TASK PROMPT:
Please reproduce all of the data below exactly, leaving each picture out.

EXTRACTED RECORDS:

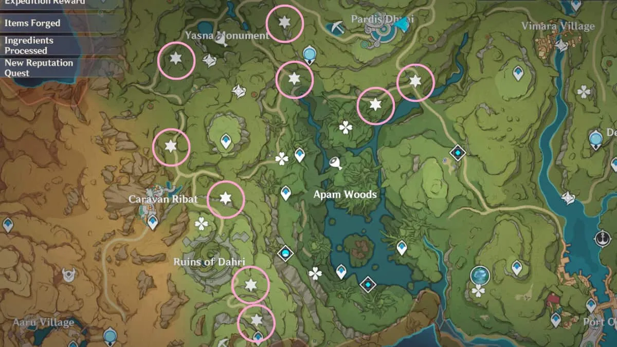 Sumeru の熱帯雨林の周りには 9 つの宝箱が隠されています。巣穴の下にあるので、まず掘る必要があります 精巧なチェストを生成し、それを略奪して、隠された探索目標を進めます。それらの場所はすべて下の画像で丸で囲まれていますが、すべて地上にあることに注意してください。 .すべてのチェストの場所の詳細な内訳については、読み続けてください。
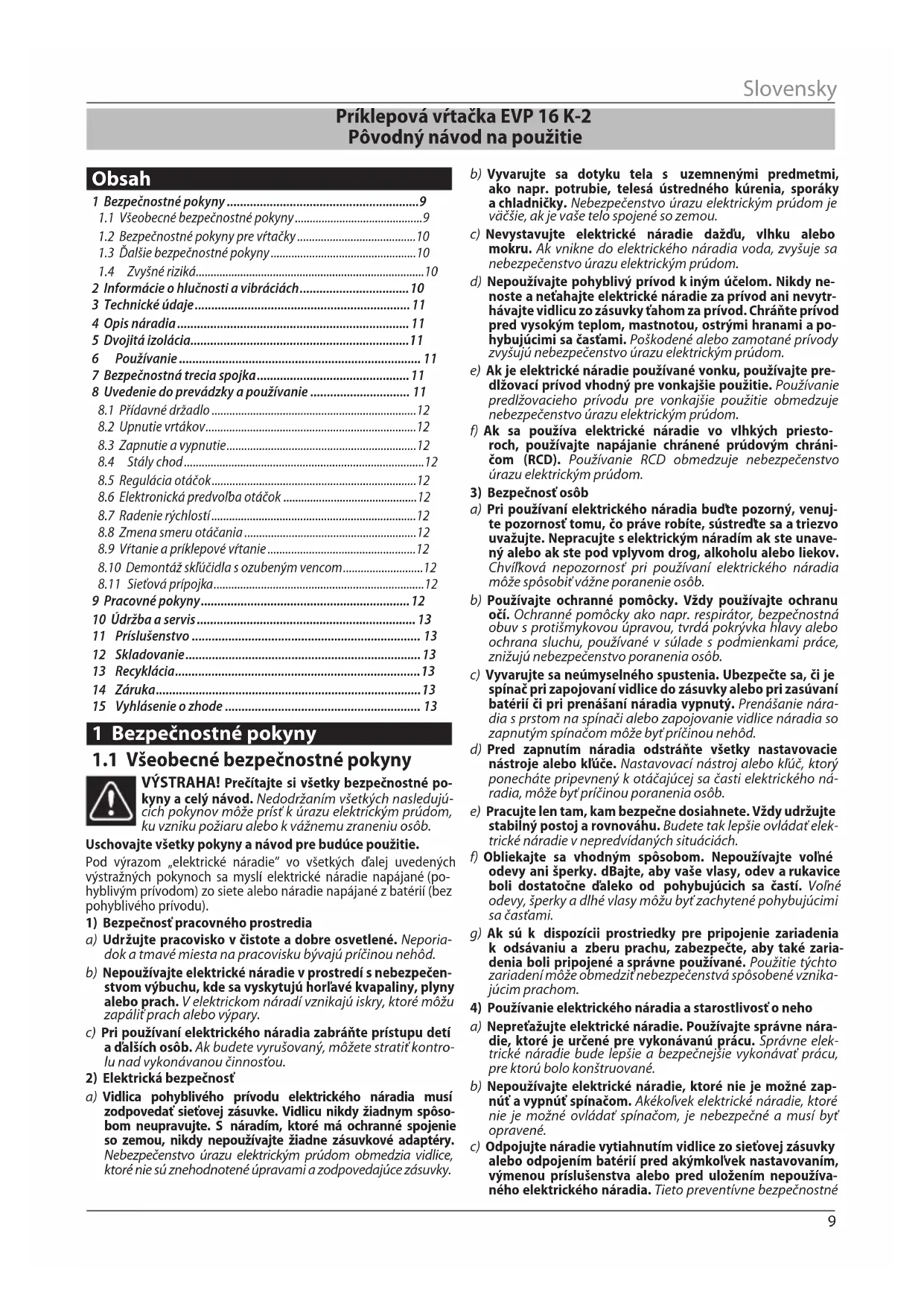 Príklepová vŕtačka EVP16K-2 Pôvodný návod napoužitie Obsah 1 Bezpečnostné pokyny ..........................................................9
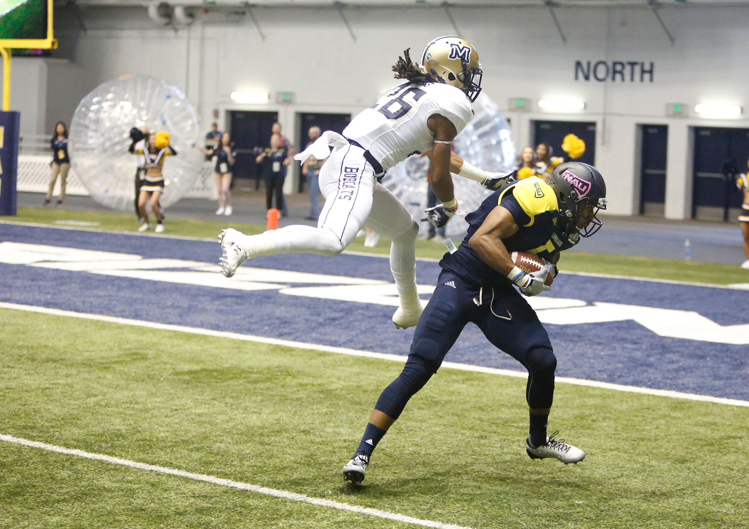 Northern Arizona University wide receiver Dejzon Walker (5) completes a pass on his way to a touchdown against Montana State Saturday.
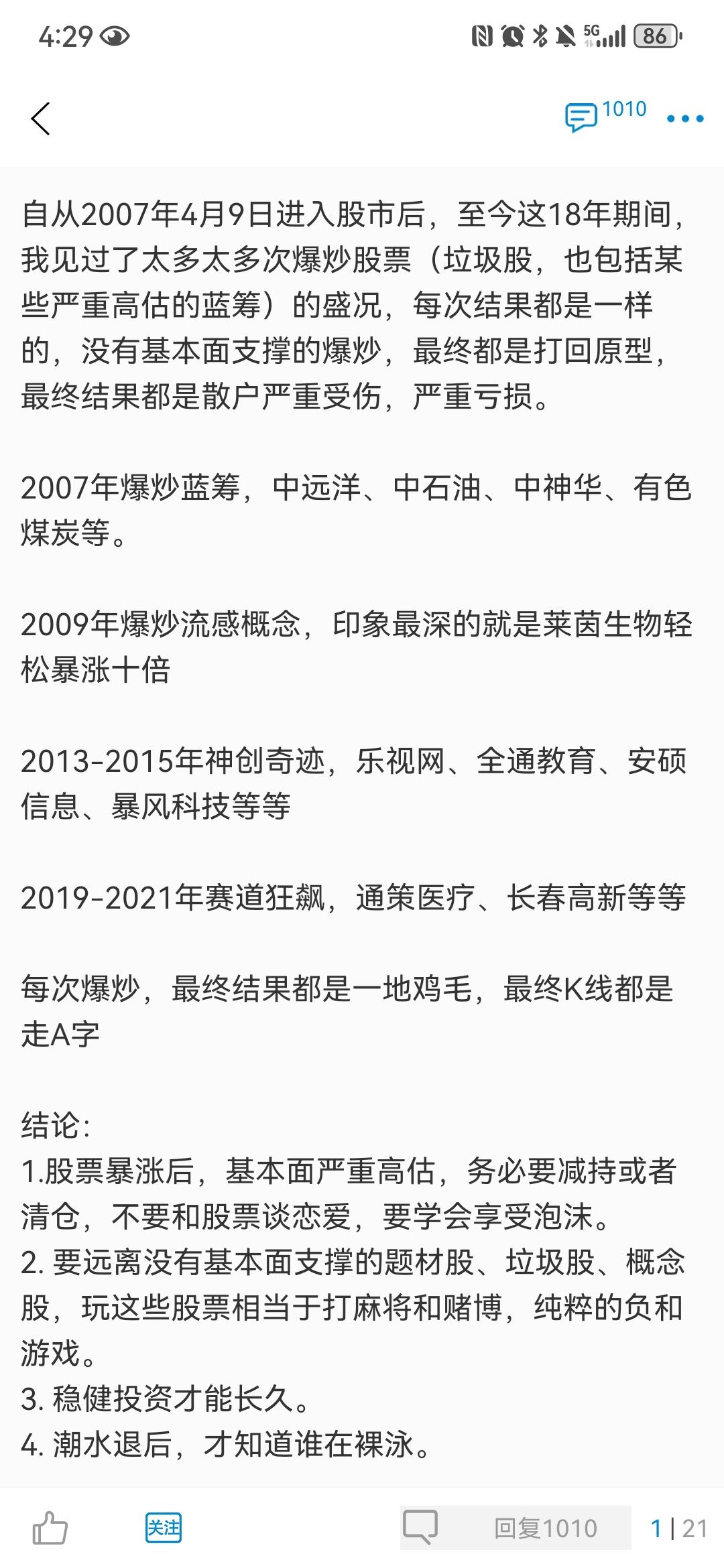 5. 加仓:加仓不要太急,单个品种仓位达到一定量就必须停止加仓,买入其它低估品种,其它品种得手了一样是赚钱。
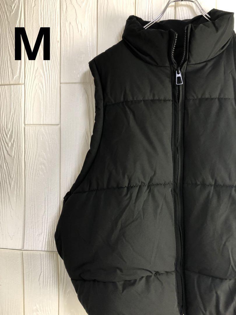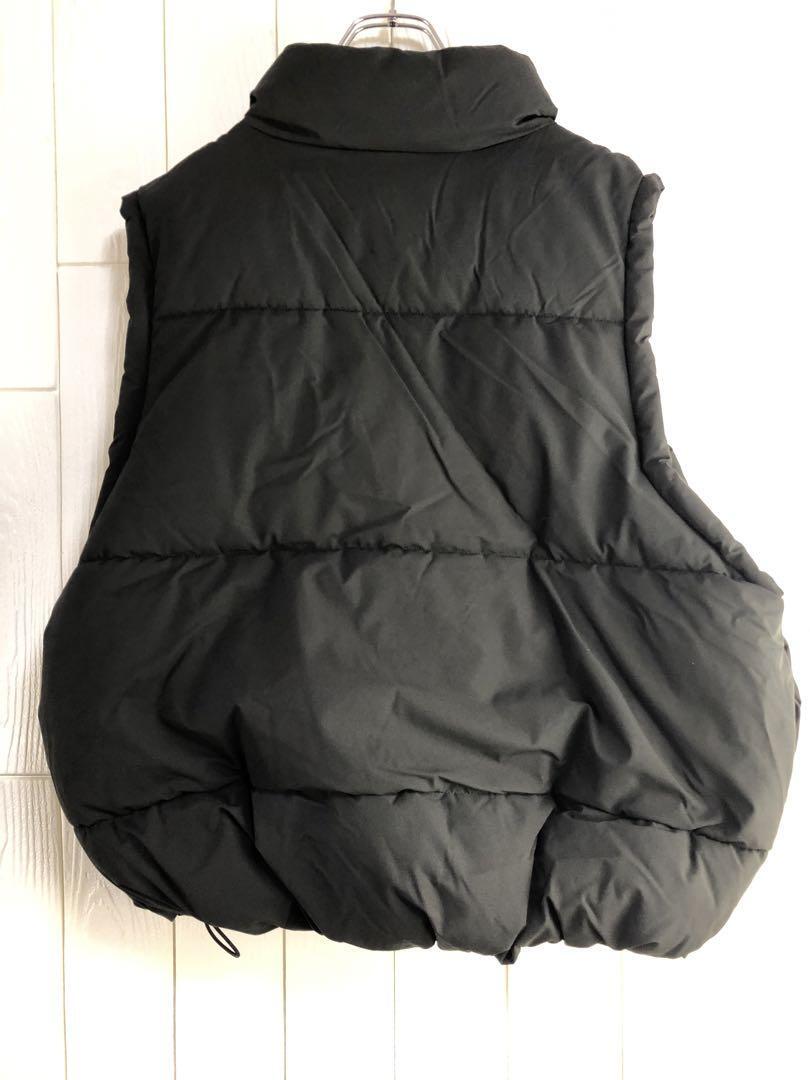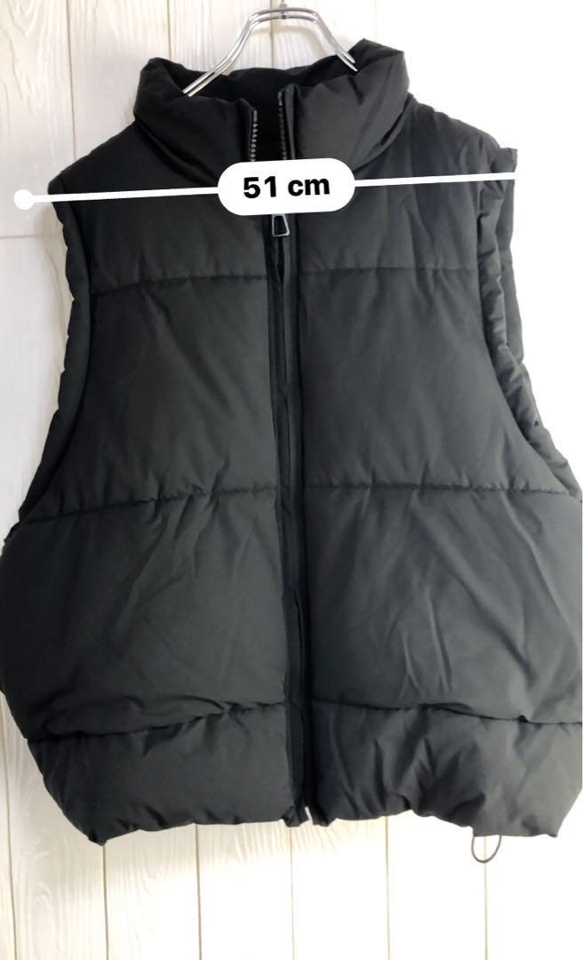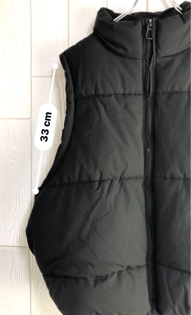 シンプルでスタイリッシュなブラックダウンベスト、軽量で保温性に優れたデザイン。

RESPONSE BOX:
 Sumeru の熱帯雨林の周りには 9 つの宝箱が隠されています。巣穴の下にあるので、まず掘る必要があります 精巧なチェストを生成し、それを略奪して、隠された探索目標を進めます。それらの場所はすべて下の画像で丸で囲まれていますが、すべて地上にあることに注意してください。 .すべてのチェストの場所の詳細な内訳については、読み続けてください。
 Príklepová vŕtačka EVP16K-2 Pôvodný návod napoužitie Obsah 1 Bezpečnostné pokyny ..........................................................9
 Northern Arizona University wide receiver Dejzon Walker (5) completes a pass on his way to a touchdown against Montana State Saturday.
 5. 加仓:加仓不要太急,单个品种仓位达到一定量就必须停止加仓,买入其它低估品种,其它品种得手了一样是赚钱。
 シンプルでスタイリッシュなブラックダウンベスト、軽量で保温性に優れたデザイン。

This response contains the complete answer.